Embed v3 is cohere's latest and most advanced embeddings model. Embed v3 offers state-of-the-art performance per trusted MTEB and BEIR benchmarks. One of the key improvements in Embed v3 is its ability to evaluate how well a query matches a document's topic and assesses the overall quality of the content. This means that it can rank the highest-quality documents at the top, which is especially helpful when dealing with noisy datasets.

On the other hand, OpenAI's text-embedding-ada-002 outperforms all the old embedding models on text search, code search, and sentence similarity tasks and gets comparable performance on text classification. 

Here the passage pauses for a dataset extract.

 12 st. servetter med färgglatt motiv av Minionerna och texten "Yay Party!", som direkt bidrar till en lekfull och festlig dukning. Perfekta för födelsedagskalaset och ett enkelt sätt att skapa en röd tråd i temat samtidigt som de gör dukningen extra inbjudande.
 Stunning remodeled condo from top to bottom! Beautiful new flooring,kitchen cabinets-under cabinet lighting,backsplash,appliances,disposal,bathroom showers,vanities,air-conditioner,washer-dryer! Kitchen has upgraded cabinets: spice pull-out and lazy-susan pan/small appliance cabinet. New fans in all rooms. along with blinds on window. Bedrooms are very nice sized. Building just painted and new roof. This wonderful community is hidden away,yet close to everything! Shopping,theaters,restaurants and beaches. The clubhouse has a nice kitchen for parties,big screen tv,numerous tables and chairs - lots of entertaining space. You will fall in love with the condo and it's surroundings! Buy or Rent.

For our evaluations, we have used Financial QA dataset. The FiQA dataset has roughly 6,000 questions and 57,000 answers. Financial QA is hard because the vocabularies are context specific. In this experiment, we have randomly picked 100 questions and performed our evaluations on top of it. 

In [1]:
import json 
import polars as pl
import os

url = "https://uptrain-assets.s3.ap-south-1.amazonaws.com/data/context_quality_analysis.jsonl"
dataset_path = os.path.join('./', "context_quality_analysis.jsonl")

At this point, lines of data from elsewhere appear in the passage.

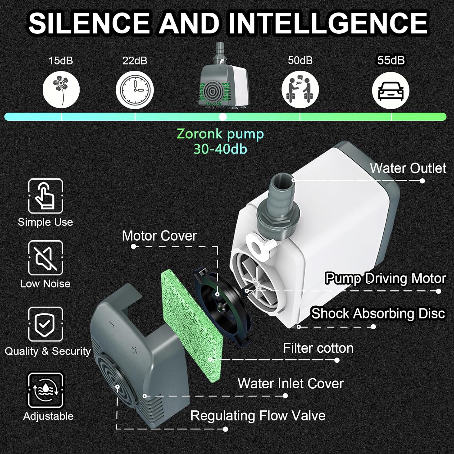 Featuring durable construction and a 1-year warranty for peace of mind, this Zoronk submersible water pump is a reliable choice for your hydroponic, water garden, or aquarium needs. Itâs designed to keep your water flowing smoothly, day after day, with exceptional value and performance.
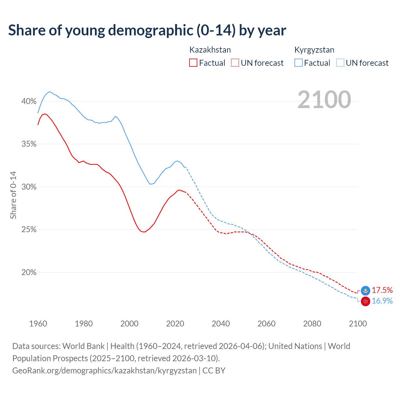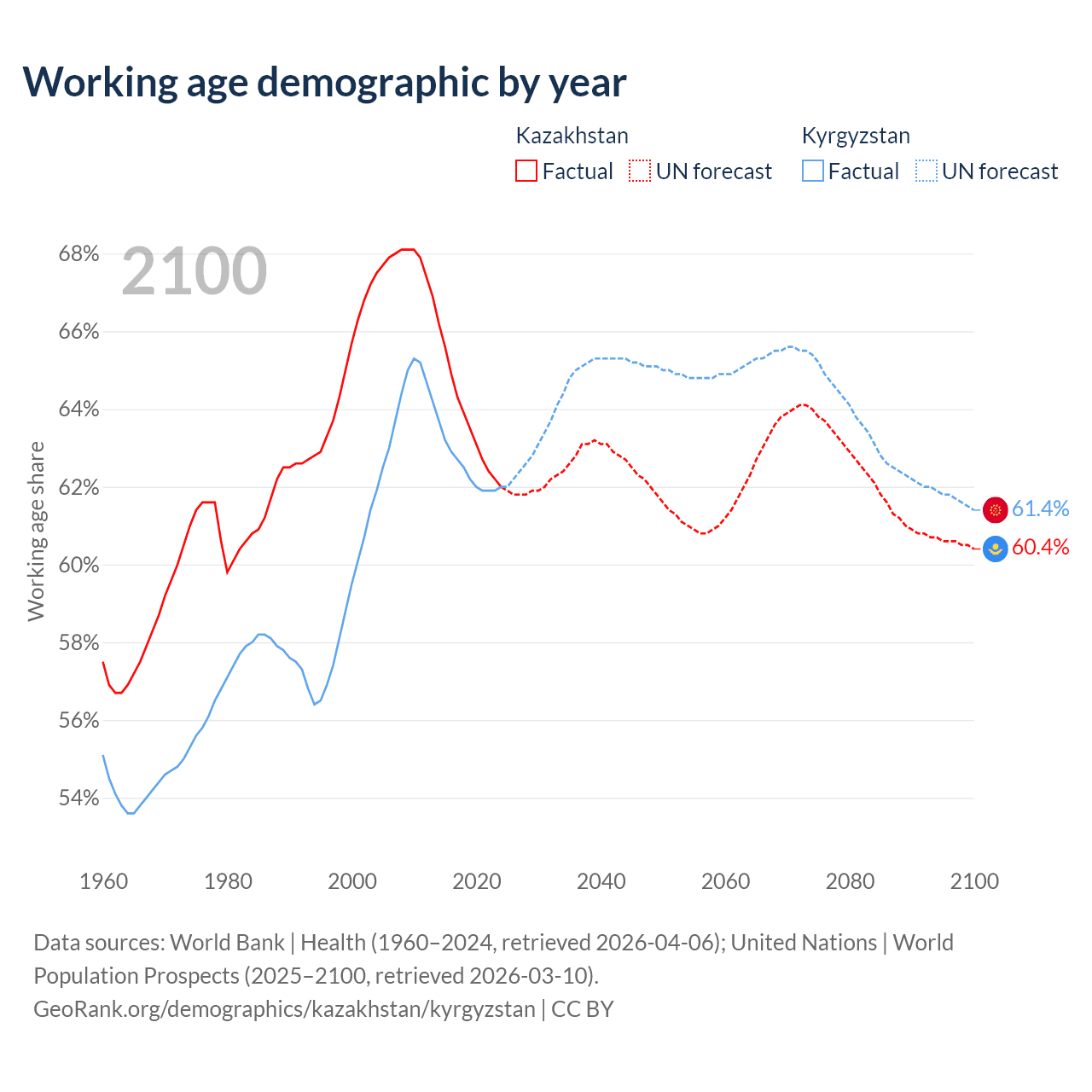Median age Kazakhstan vs Kyrgyzstan, 1960-2100
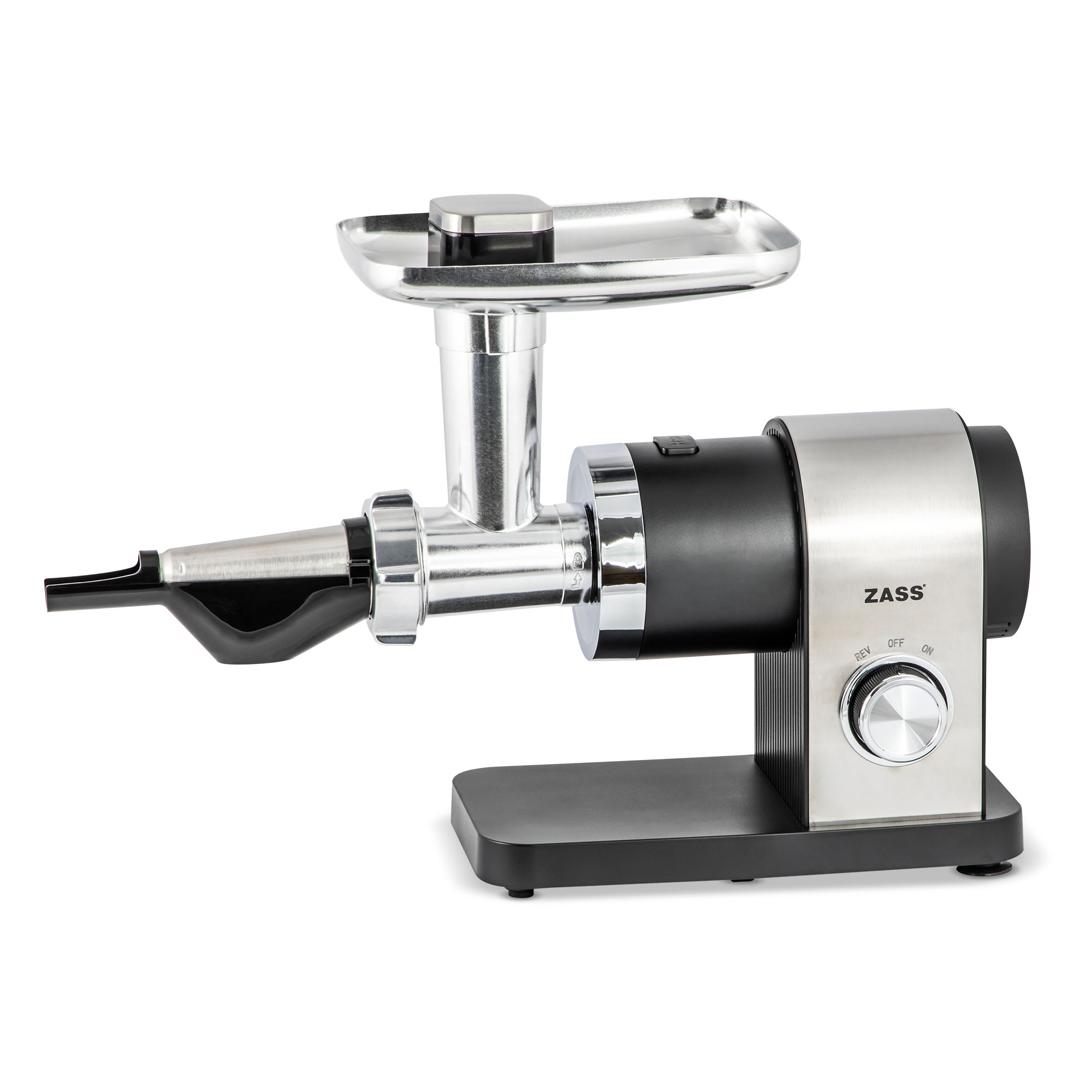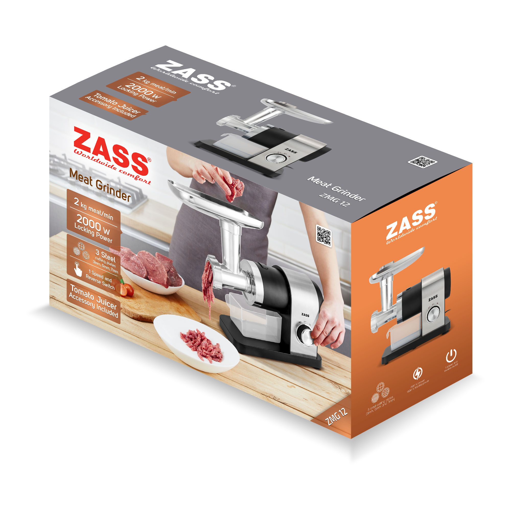 Masina de tocat carne Zass ZMG 12 este alegerea potrivita pentru cei care vor sa pregateasca rapid carne tocata proaspata, carnati de casa sau suc de rosii. Cu o putere maxima de 1800 W, capacitate de aproximativ 1,8 kg/min si accesorii utile incluse, acest model ofera eficienta, versatilitate si utilizare usoara in orice bucatarie.
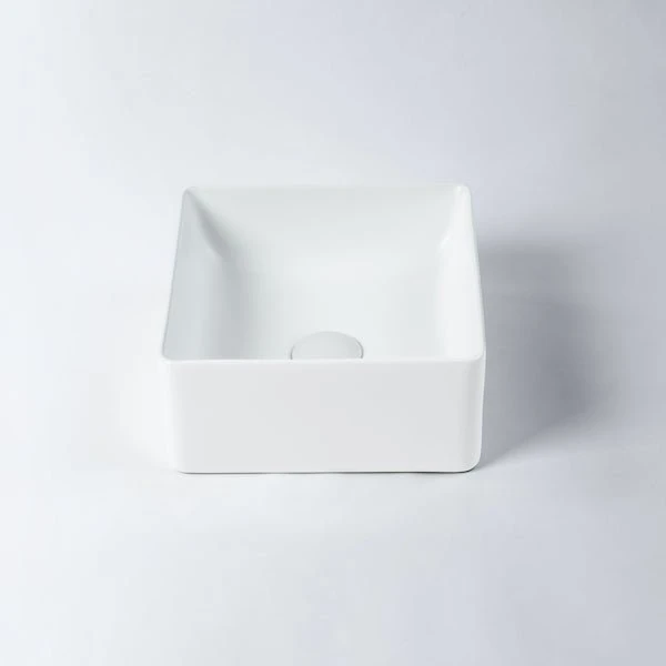 A mini gloss white ceramic square basin perfect for smaller bathroom spaces

if not os.path.exists(dataset_path):
    import httpx
    r = httpx.get(url)
    with open(dataset_path, "wb") as f:
        f.write(r.content)
        


In [2]:
dataset= pl.read_ndjson(dataset_path)

In [3]:
dataset

question,ground_truth,context,embedding_model
str,str,str,str
"""Am I exposed t…","""""Yes, you're s…","""The value of a…","""cohere"""
"""Am I exposed t…","""""Yes, you're s…","""Your definitio…","""openai"""
"""What happen in…","""""But what happ…","""If you sold bo…","""cohere"""
"""What happen in…","""""But what happ…","""1) Yes, both o…","""openai"""
"""How to use a c…","""""You must buy …","""""You must buy …","""cohere"""
"""How to use a c…","""""You must buy …","""""You must buy …","""openai"""
"""Where do I fin…","""I agree that a…","""""These warrant…","""cohere"""
"""Where do I fin…","""I agree that a…","""""These warrant…","""openai"""
"""How do we know…","""For a company …","""Generally the …","""cohere"""
"""How do we know…","""For a company …","""Generally the …","""openai"""


In [5]:
len(dataset)

200

In [4]:
dataset = dataset.to_dicts()

## Running Uptrain Eval - Context Relevancy

### OpenAI Embeddings

In [6]:
from uptrain import APIClient, Evals, ResponseMatching
UPTRAIN_API_KEY = "up-*********************" ## INSERT YOUR UPTRAIN KEY HERE

client = APIClient(uptrain_api_key=UPTRAIN_API_KEY)


In [7]:
dataset[1].keys()

dict_keys(['question', 'ground_truth', 'context', 'embedding_model'])

In [65]:
results = client.evaluate_experiments(
    project_name="context_analysis",
    data = dataset, 
    checks = [Evals.CONTEXT_RELEVANCE], 
    exp_columns = ['embedding_model']
)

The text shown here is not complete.